Farmer's Talk Pop

(2018年12月末、はてなダイアリー「夢男のファーマーズ・トーク」を統合しました)

ここは雪の中

本格的な寒波で12月中旬にしてはめずらしく田んぼも畑も一面銀世界だ。もう50cmぐらい積もったのかな。雪が降る前に11月末までキュウリを栽培していたビニールハウスの中の片付けがなんとか終わったのでよかったが、そうでなかったら来年2月下旬から始まる新たな作付けに影響がでたところだ。危機一髪。つくづく農業は作業と天候の読みが重要だということを再確認。すべてが天気優先なのである。

しかし、天気優先だけで作業ができれば全く問題ないが、そこに学校や保育園行事、農業関連の会合などや地域の外作業などが加わるととたんに予定が変わる。問題なのは天候ではなくて、人間の方らしい。とはいっても、人間関係なしで世の中は成り立たないわけで、その辺のバランスをうまくやることが必要だ。農作業だけやれて他のめんどくさいこととは関係なく暮らしていけたらいいのに、とも思うこともあるが、それはそれ。いろんなことに家族全員で対処するのも農家生活でもある。

雪が降ると真っ白になって、何もが見えなくなってしまう。見えなくなってしまうと言っても無くなったわけではないので、雪が降る前にあった形はそこに残っている。必要なものもいらないものも同じように見えなくなってしまうので、いつも、雪が降ると何もかにもきれいになったと思ってしまう。春になって雪解けになると片付け忘れたものが解けてきたなくなった茶色の雪の中から出てきて、やっぱりな、と思う。

大雪は何もしないと家や小屋、ビニールハウスをつぶしてしまう、寒くて冷たいイメージの雪だが、いいこともある。雪だるまやそりすべり、雪合戦やスキー。子供たちを楽しませてくれる。あれだけ忙しかった夏の生活だったのに雪が降っただけで、何をしてもしかたがないから、と夢男たちをあきらめされてくれる。雪は家族団らんを提供してくれる自然の心遣いなのだ。「ご苦労様。

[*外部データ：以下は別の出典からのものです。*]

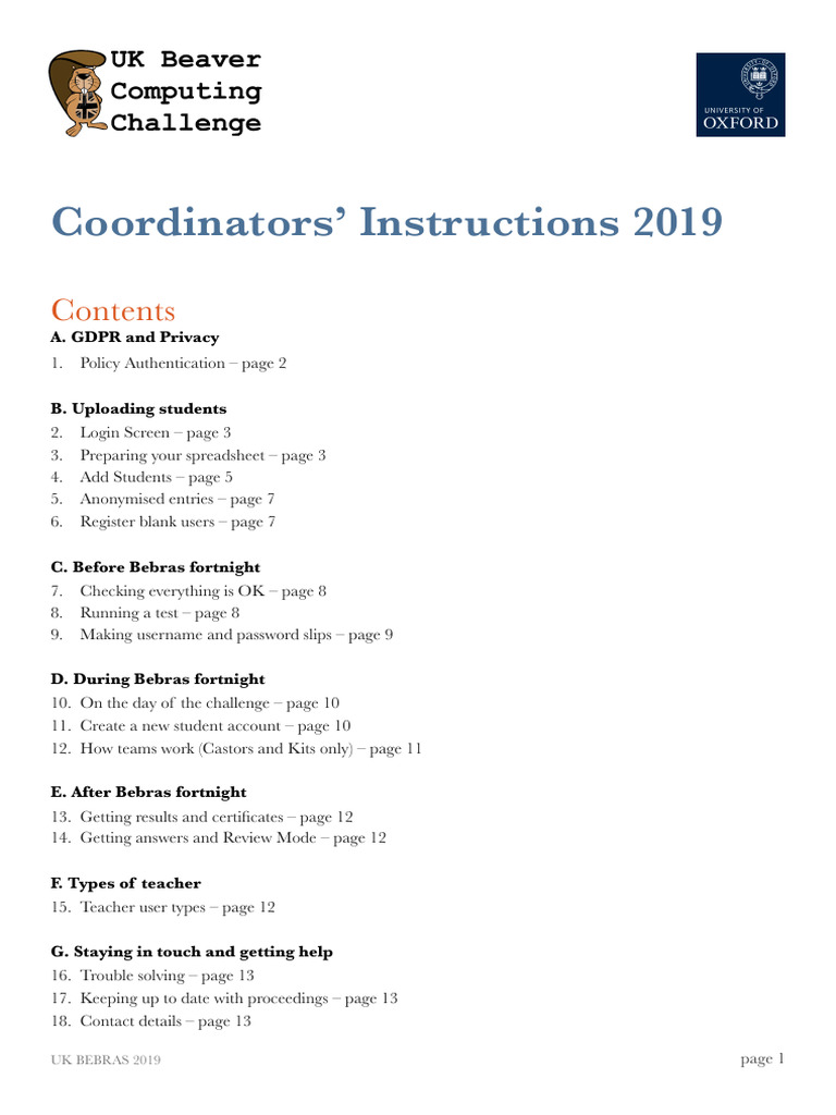 UKBebras Cooord Instructions 2019 Download Free PDF Login Spreadsheet
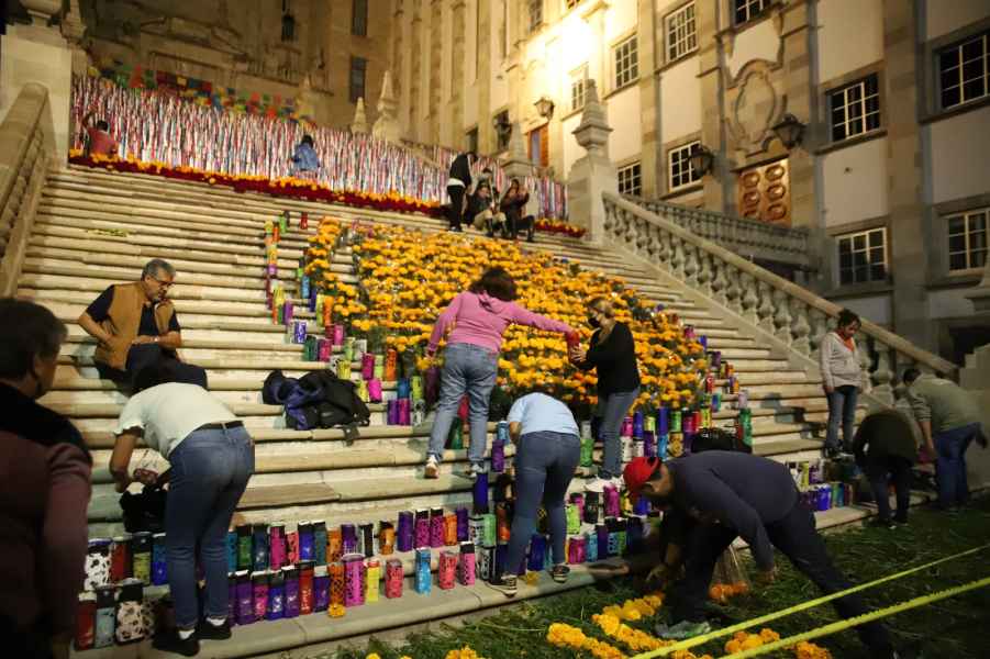 “El primer tramo de la escalinata está dedicado al sol por ser la primer deidad en la humanidad, el segundo tramo estará dedicado al agua como elemento fundamental de la ofrenda, ahí también colocaremos una cruz que representa la llegada del catolicismo a América y en la última parte antes de la llegada a la entrada del auditorio se hará una representación de la muerte, donde visualizamos que la gente suba toda la escalinata, se encuentre con la muerte y luego regrese al mundo de los vivos justo en la parte inferior de este inmueble”, explicó.
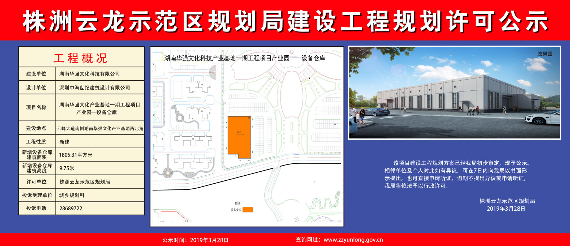 湖南华强文化科技产业基地一期工程项目设备仓库建设工程规划许可公示

一年みんなでよくがんばったね」 そんな風に都合よく解釈する。だからやってられるんだろう、とも思う。

雪が降ってなにもかも隠してくれるが、その下には何十年変わらない土がある。見えているときは気づかない。見えなくなるととたんに大事にしたくなる。ゆっくり休んで、と土に言いたい。

農家にとっては冬は、必ず来る春に向けて、これからも農業を続けていく気になるために絶対必要な季節である。雪が降らない地方もあるが、ここは降る。誰にも止められないし、変えられない。ただそれだけ。

なんだ、人間が変わるしかないんじゃないか。本当は簡単なことだ。